Venezuelan Interior Minister Cabello claimed the operation is “a brutal campaign of psychological warfare” to incite terrorist acts by far-right extremists close to the US government. US officials “are desperate [and] are financing groups to execute acts of violence in the month of September,” he said. Apparently referring to events like the failed US-backed coup of 2002 against Maduro’s predecessor, Hugo Chavez, Cabello said: “We must tell the extremists that the civilian-military-police alliance will take apart their actions once again.”
Cabello downplayed the significance of the current threats, saying: “All these lies and this show will fall under their own weight. … It is worth reminding the snake oil salesmen that this display is nothing new. They did this during Trump’s first term in office.”
The Venezuelan regime’s assessment is staggeringly complacent: The Trump administration, as it launches a global trade war, is also clearly seeking to consolidate its domination of the Western Hemisphere. It is particularly concerned that China’s surging trade with Latin America, at $518 billion last year compared to $800 billion for the United States, could ultimately undermine US imperialism’s hegemony in what it considers to be its “backyard.”
The Trump administration has not only called for the annexation of Greenland and Panama and slapped high tariffs on Brazil but rapidly escalated its military operations and interventions across the region, particularly against its Southern neighbor, Mexico. One report by US investigative journalist Ken Klippenstein pointed to the rapid increase in US military planning after the designation of cartels as “terrorist” organizations, which allows the full mobilization of the US military against them.
“Not only is Donald Trump uniquely focused on TCOs [transnational criminal organizations, i.e., cartels], having designated them terrorists in one of his first Executive Orders, but he has shown himself to be willing to take unilateral action despite potentially negative political ramifications,” one intelligence official told Klippenstein, who wrote: “He and the other sources say that military action could be unilateral—that is, without the involvement or approval of the Mexican government.”
It is increasingly obvious that, with the continuing collaboration of the Mexican military, the US armed forces are preparing to unilaterally bomb targets across its country—going to war with Mexico in all but name. US Special Operations forces, according to Klippenstein, have received orders to identify “‘target packages’ for potential strikes and ‘direct action’ attacks” in Mexico.
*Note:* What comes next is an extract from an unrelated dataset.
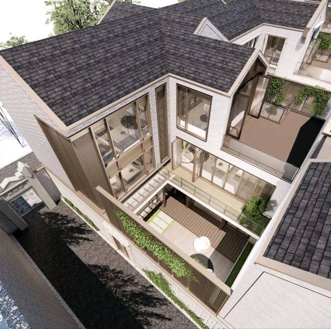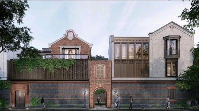 效果图,仅供参考建筑风格上,项目融合江南民居的青砖墙面、老虎窗与西式铸铁栏杆,符合《黄浦区风貌保护导则》中“历史元素保留率不低于70%”的要求。这种风格在市场中具有非常高的辨识度。

He added, “Direct attacks could also involve air or drone strikes.”
Washington’s operations in Mexico are indissolubly bound up with its global war plans. Some of these calculations were aired in remarks last year by US Northern Command leader General Gregory Guillot in remarks to the Senate Armed Services Committee. Identifying China and Russia as “competitors” whose influence in Latin America Washington should crush, Guillot said that the US Northern Command was seeking to work closely to integrate its operations with those of the Mexican military to block them:
The bonds between USNORTHCOM and our Mexican military partners are broad, resilient, and focused on expanding our combined capability to defend and secure North America from myriad state and non-state threats. Countering competitor influence in the region remains a key priority for NORTHCOM and our Mexican military partners, and as a direct result, the U.S. and Mexican militaries are more operationally compatible than at any point in our shared history.
Such operations face explosive opposition by the working class in Latin America, United States and internationally. Preventing US military escalation across Latin America requires building an international, socialist anti-war movement uniting across the Americas and beyond in a struggle against imperialism.